Le gouvernement Legault n’est pas « fermé à l’idée », mais n’a aucun échéancier en vue pour réformer la Loi sur les espèces menacées et vulnérables adoptée il y a 33 ans. Et Québec ne montre aucun empressement à modifier son règlement sur les habitats fauniques malgré des consultations commencées il y a six ans.

Si le gouvernement du Québec était un précurseur en 1989 avec l’adoption d’une loi destinée à la protection des espèces menacées, il a depuis été dépassé, entre autres par le gouvernement fédéral et sa Loi sur les espèces en péril, entrée en vigueur en 2002 et beaucoup plus contraignante.

Or, malgré les demandes répétées de plusieurs groupes environnementaux, le gouvernement de François Legault n’est pas pressé de réformer la législation québécoise.

Lors de son passage mardi au Palais des congrès de Montréal, où se tient la COP15, le ministre de l’Environnement, de la Lutte contre les changements climatiques, de la Faune et des Parcs, Benoit Charette, n’a pas voulu prendre d’engagement clair à ce sujet.

Au niveau de changements législatifs, on est en train d’examiner le tout.

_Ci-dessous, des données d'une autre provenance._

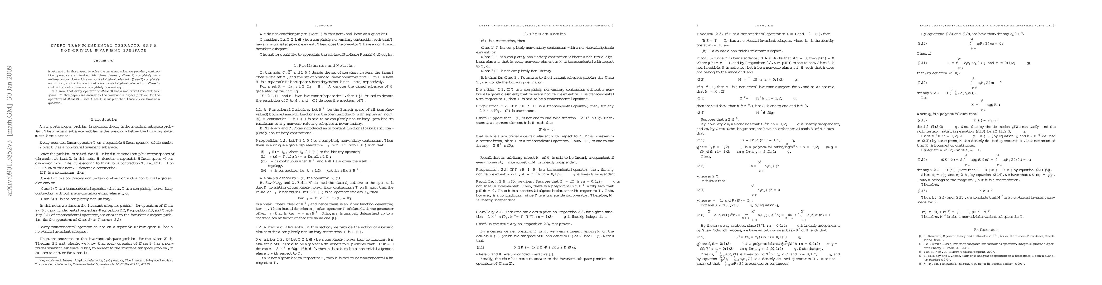 In this paper, to solve the invariant subspace problem, contraction operators are classified into three classes ; (Case 1) completely non-unitary contractions with a non-trivial algebraic element, (Case 2) completely non-unitary contractions without a non-trivial algebraic element, or (Case 3) contractions which are not completely non-unitary. We know that every operator of (Case 3) has a non-trivial invariant subspace. In this paper, we answer to the invariant subspace problem for the operators of (Case 2). Since (Case 1) is simpler than (Case 2), we leave as a question.

On n’est absolument pas fermés à l’idée, mais il fallait y aller avec une certaine mise à jour dans un premier temps, ce qui n’avait pas été fait au niveau des espèces fauniques depuis 2009.

Benoit Charette, ministre de l’Environnement, de la Lutte contre les changements climatiques, de la Faune et des Parcs

« C’est un tout nouveau mandat qui débute pour ce qui est du gouvernement, avec plein de défis. On sait qu’on n’aura pas le temps de s’ennuyer, donc c’est quelque chose qu’on évalue de notre côté », a-t-il ajouté.

Occasion manquée

Selon Alain Branchaud, biologiste et directeur général de la Société pour la nature et les parcs au Québec (SNAP Québec), « Québec aurait pu poser un geste fort à la COP15 en annonçant son intention de réformer la Loi sur les espèces menacées et vulnérables ». « Le ministre [Charette] aurait pu au moins confirmer son intention de moderniser la loi, surtout qu’elle est très loin des standards internationaux en vigueur », ajoute M. Branchaud.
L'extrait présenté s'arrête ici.